Pre-SCT multi-gene MRD testing for prediction of post-SCT outcomes

Based on the premise that the addition of individually suboptimal secondary MRD assays to the backbone of WT1 testing would increase the overall sensitivity of MRD assessment we applied the MG-MRD array to peripheral blood samples from this same pre-transplant time-point using either WT1 plus three other genes (4G-MRD) or 4G-MRD plus a fifth gene (5G-MRD). MG-MRD risk stratification was superior to the use of WT1 RQ-PCR based MRD alone. Use of additional genes in the MRD assay correctly re-classified patients assigned by WT1 testing to a “low risk” MRD negative category into a “high risk” MRD positive category (Figure 3B). In total, all nine patients additionally identified using MG-MRD from the cohort designated as “low risk” based on testing negative for WT1 alone relapsed and/or died in the first year after transplantation (Figure 3B). Seven of these nine patients had been determined to be in pathological CR prior to allo-SCT. Six relapsed within 100 days of allo-SCT (four had been determined clinically to be in CR at time of allo-SCT), another relapsed 304 days after transplant and two died of NRM in the first year after SCT. The sensitivity in predicting clinical relapse in the year after transplant was improved (92%) compared to using WT1 alone (63%). Importantly pre-SCT MG-MRD testing correctly predicted every case of early relapse within 100 days after allo-SCT compared to just 57% using WT1 alone (Figure 3C). The 46% of patients who were 5G-MRD positive prior to transplantation had a three year overall survival of just 9% and experienced 22 out of the total of 24 relapses observed in the first year following transplantation.

In patients entering transplant in complete remission, the improvement in sensitivity of pre allo-SCT MRD assessment by using MG-MRD (89%) versus WT1 alone (33%) to predict one year post allo-SCT relapse was pronounced (Figure 4B, Table 3) and statistically significant (p=0.031, 95% CI: 0.0 to 0.821, NcMemar’s exact test, Figure S3). There was no statistically significant difference in specificity between these tests. MG-MRD prior to allo-SCT identified 8 of the 9 CR patients who relapsed in the first year (Figures 3C and 4B).
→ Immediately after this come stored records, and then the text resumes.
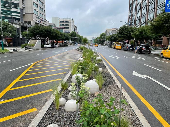 뿐만 아니라 관목 위주의 단조로운 녹지대에서 벗어나 라임라이트, 핑크에나벨 같은 개성 있는 수목류를 자연형 식재로 도입해 새로운 형태의 가로녹지대를 선보였다.
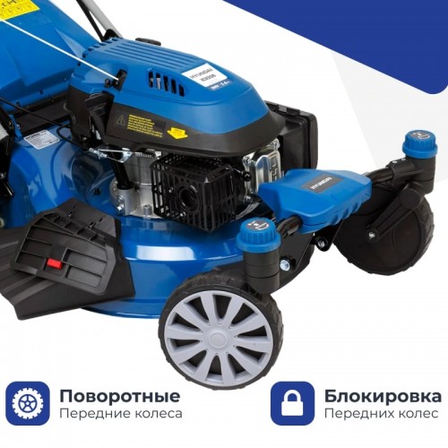 Поворотные колеса повышают маневренность. Вы с комфортом пострижете газоны сложной формы, а также лужайки, на которых есть деревья, клумбы и другие препятствия. При необходимости движения только прямо поворотный механизм колес можно заблокировать.
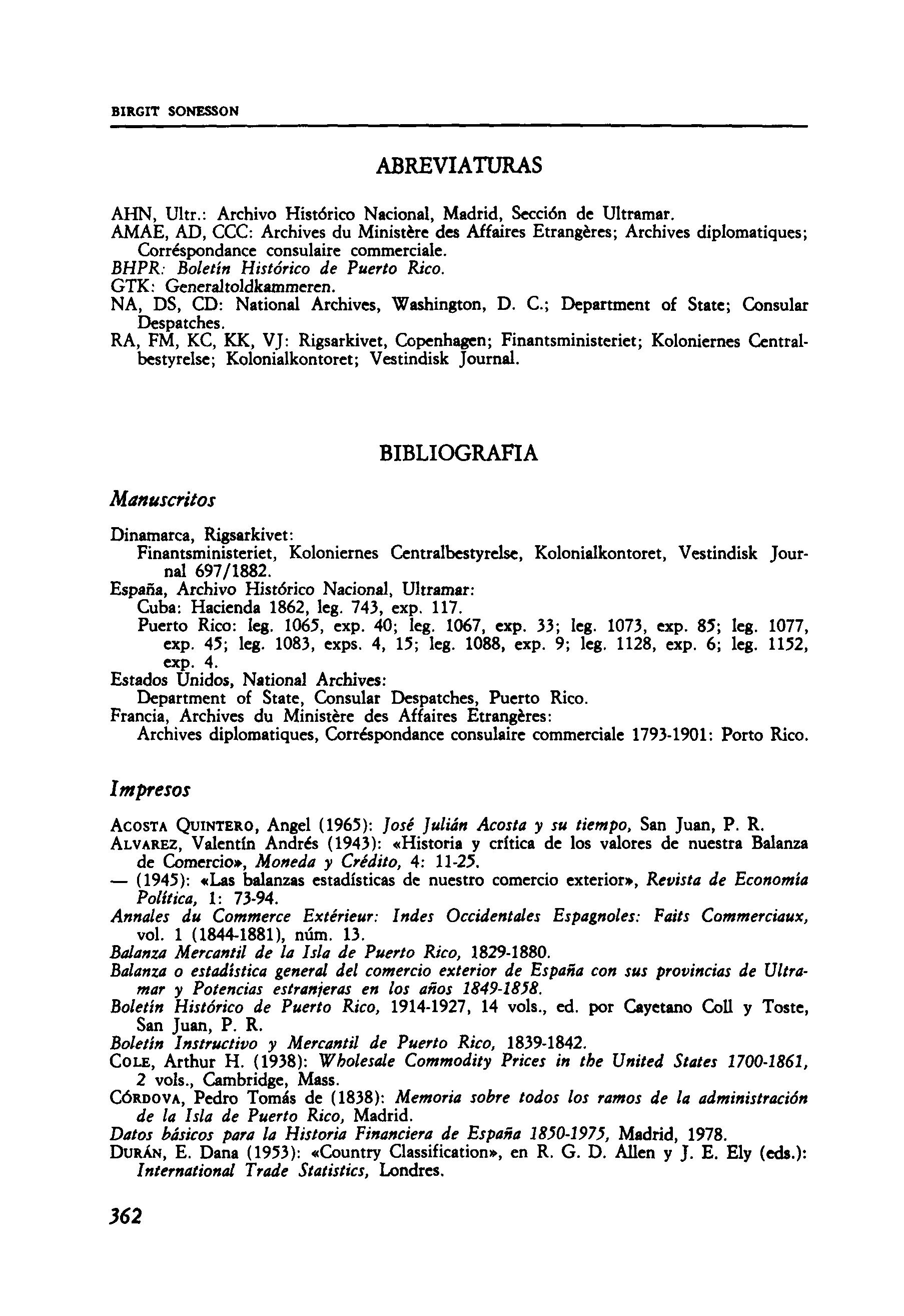 SONESSON, Birgit (1974): «Puerto Rico y Santomas en conflicto comeraal. 1839-1843» (tesis de maestría) Universidad de Puerto Rico ,. t,-„_jí,rica oara Puerto - (1984): «La formación de una administración y una política hacendística para ruerto Rico: el papel de los funcionarios». Hacienda Pública Española ^ - 275^93_ - (1985): «Puerto Rico's Commerce 1835-1865: From Regional to World Wide MarKet Relations» (tesis doctoral), New York University. C.„„Í„„„ , T„,'„ „ ZAPATA
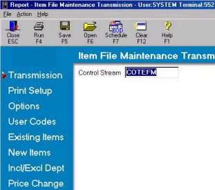 Finalize file maintenance changes File maintenance records received with an EFM transmission are available for review (change or delete) in the Flexible Inventory Load (FIL) window. Use the Flex Name COTEFM to review changes to items that already exist in your Inventory file. Use the Flex Name COTNEW to review the new items not yet in your Inventory file. As you review items, you can make changes to the fields that display in COTEFM or COTNEW. Locate the item in the grid, click the field you want to change, type the new information, and click <Change>. Use the Flexible Inventory Loading Report (RFL) to print an edit list of the items in COTNEW or COTEFM. When you are ready to finalize the changes, run the RFL report with Options FXY to finalize and move the updates to your Inventory file. |

MG-MRD in patients in complete remission prior to transplant was associated with a positive predictive value (PPV) of 100% for death following transplant (all 4G-MRD positive patients relapsed and died, all 5G-MRD positive patients died, 80% from relapse, Figure 3A).

DISCUSSION

WT1 remains the best single universal molecular marker for detection of AML minimal residual disease 27, 29, 31, 34, 35, 39, 52. It however is an imperfect test suitable for use in MRD detection in only approximately 50–75% cases of AML 27, 28, 47, while also exhibiting significantly different patterns of expression in different AML subtypes 27, 28, 32. Rather than searching for a single superior alternative marker to WT1, we attempted to mitigate the limitations of this good, but suboptimal, test of AML MRD by the creation of a panel that allowed detection of WT1 but also of other genes that may be overexpressed in those AML samples with lower levels of WT1 expression (Figure 1). In prior studies those AML patients in CR without detectable WT1 expression prior to allo-SCT were assigned to a “low risk” group with a reported relapse rate between 20%34 to 27%31 which compares well with the 24% 3 year relapse rate observed in the WT1 negative group in this large retrospective study. By incorporating other genes in addition to WT1 for the detection of MRD our MG-MRD assay correctly re-classified, even when assessed prior to allo-SCT, between 10–20% of patients from the WT1 MRD negative group into a high-risk group with 100% mortality (Figures 3 and 4). In this historical single institution cohort the 49% of patients (36/74) with detectable disease based on either traditional bone marrow morphological examination and/or peripheral blood 5G-MRD positivity prior to allo-SCT experienced a 3 year relapse free survival rate of only 6%.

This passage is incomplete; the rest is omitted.